### TASK REQUIREMENTS
Word for word, transcribe the listing that follows, minus any pictures.

### RAW DATA
Segment Open
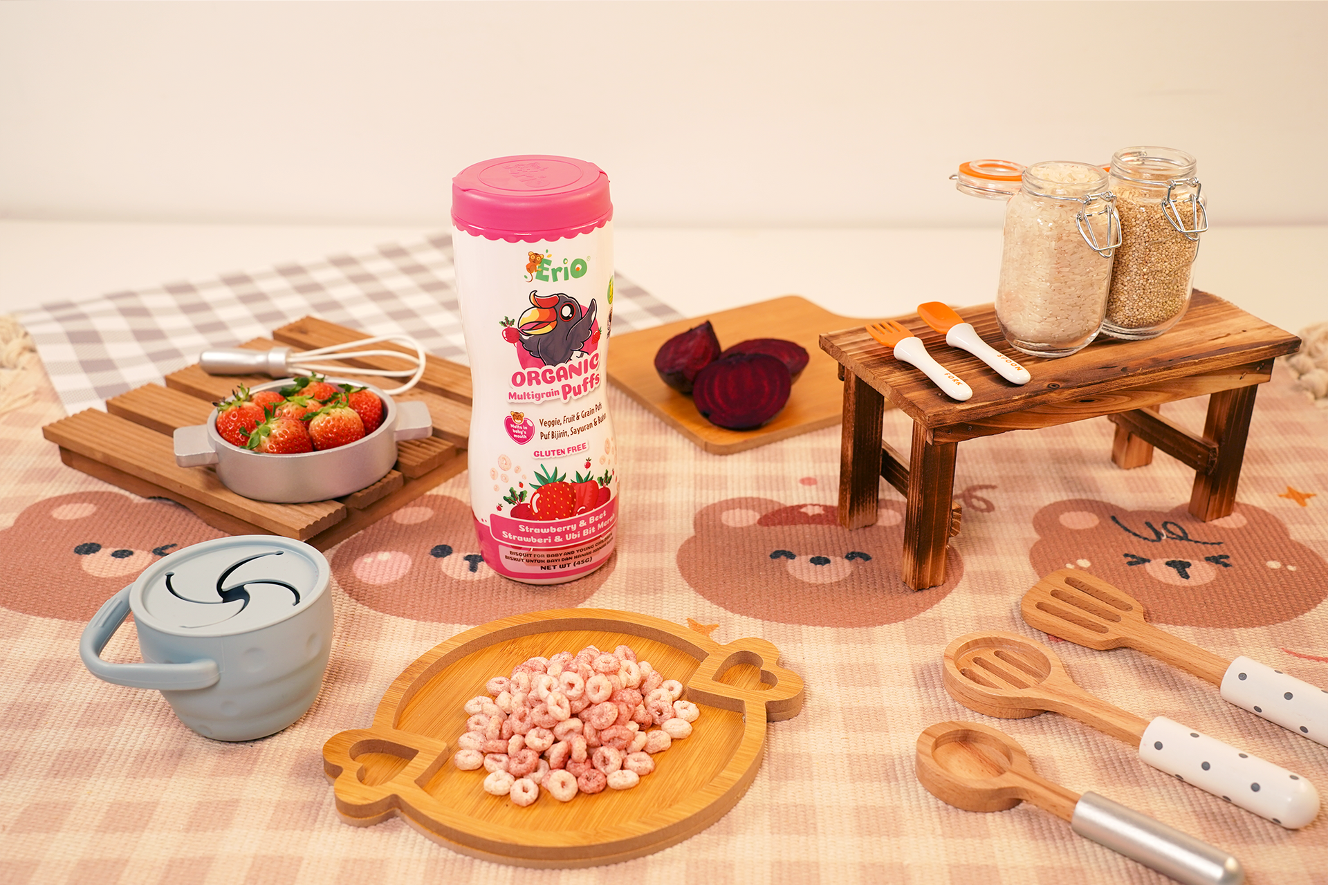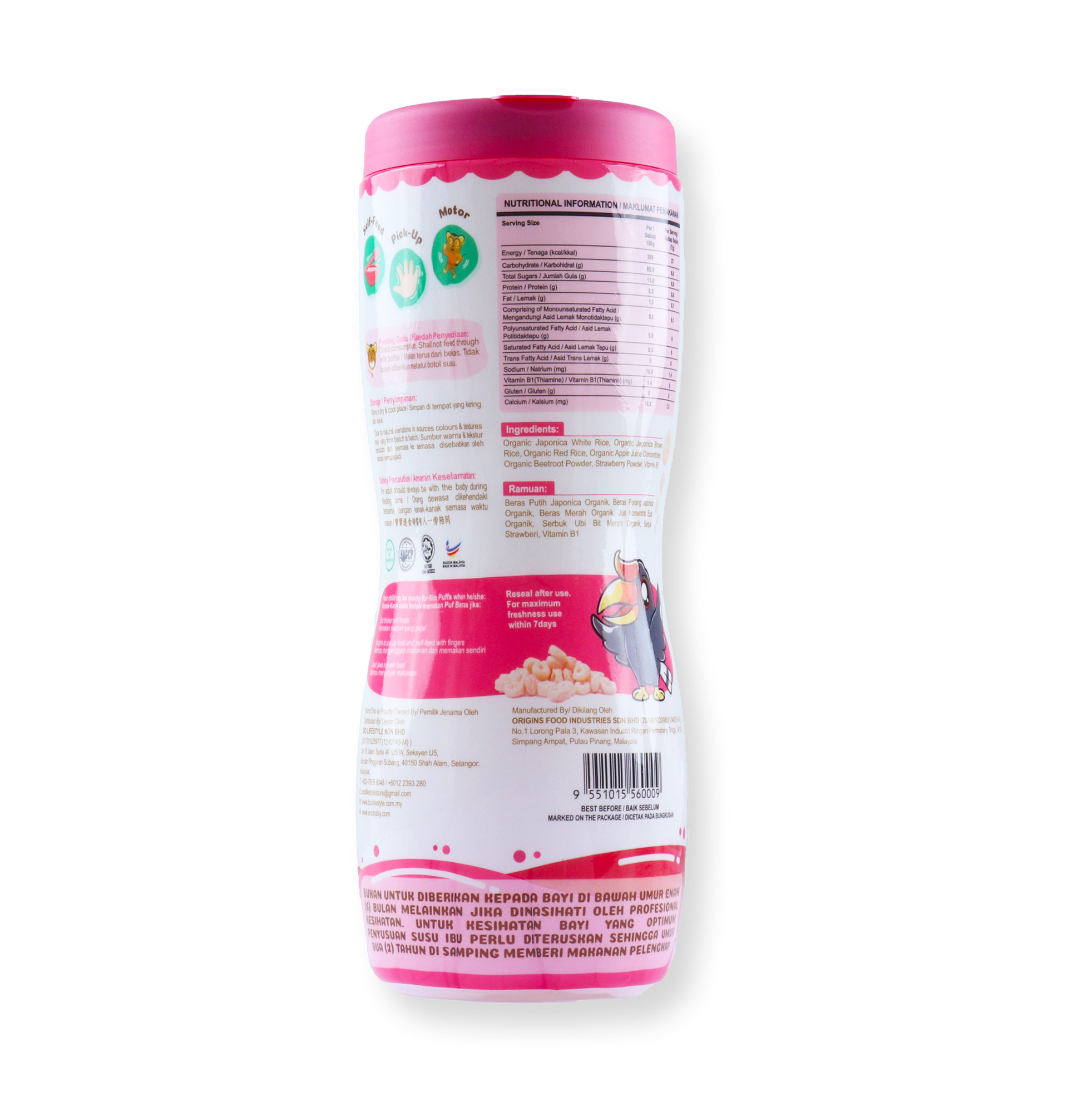 Organic Japonica White Rice, Organic Japonica Brown Rice, Organic Red Rice, Organic Apple Juice Concentrate, Organic Beetroot Powder, Strawberry Powder, Vitamin B1
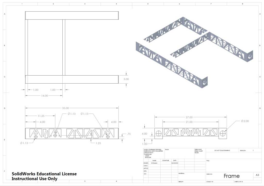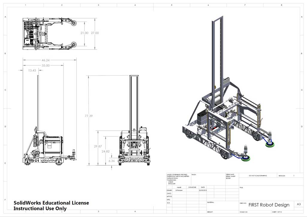 Robot drawings are based on the 3D model. Drawings allow you to communicate details on the design that you can not get from just looking at the 3D model. As this is a complex project, just the major components are shown here as there would be many individual parts in total that would end with numerous amount of drawings. For the purpose and scale of this project, this is an appropriate number of drawings for the student to demonstrate their knowledge and process of completing drawings.
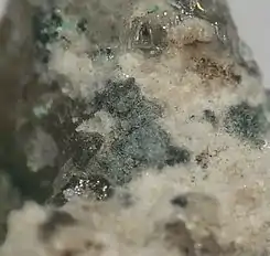Además de los elementos de su fórmula, suele llevar como impureza: cobre.
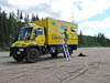 Heading out of Baie-Comeau north to cross the 50th and 51st parallels today we got an abrupt introduction to northern roads. The first 60km was marked by one of the roughest sealed roads we have ever driven and one that twisted around small lakes with almost continuous short but steep (10-12%) climbs and descents. Fortunately the road improved after 60km. Hydro power is the other signature feature of this road. Large power line towers march beside the road as far as the 200KM where sits the 5th hydro station of the day Manic 5. These power stations get their name from the Manicouagan River which in turn is fed by the Manicouagan Reservoir a large circular lake clearly discernible on a map, this is the 5th largest meteor crater in the world.
Segment Closed
### THE COMPLETED TASK
 Organic Japonica White Rice, Organic Japonica Brown Rice, Organic Red Rice, Organic Apple Juice Concentrate, Organic Beetroot Powder, Strawberry Powder, Vitamin B1
 Robot drawings are based on the 3D model. Drawings allow you to communicate details on the design that you can not get from just looking at the 3D model. As this is a complex project, just the major components are shown here as there would be many individual parts in total that would end with numerous amount of drawings. For the purpose and scale of this project, this is an appropriate number of drawings for the student to demonstrate their knowledge and process of completing drawings.
Además de los elementos de su fórmula, suele llevar como impureza: cobre.
 Heading out of Baie-Comeau north to cross the 50th and 51st parallels today we got an abrupt introduction to northern roads. The first 60km was marked by one of the roughest sealed roads we have ever driven and one that twisted around small lakes with almost continuous short but steep (10-12%) climbs and descents. Fortunately the road improved after 60km. Hydro power is the other signature feature of this road. Large power line towers march beside the road as far as the 200KM where sits the 5th hydro station of the day Manic 5. These power stations get their name from the Manicouagan River which in turn is fed by the Manicouagan Reservoir a large circular lake clearly discernible on a map, this is the 5th largest meteor crater in the world.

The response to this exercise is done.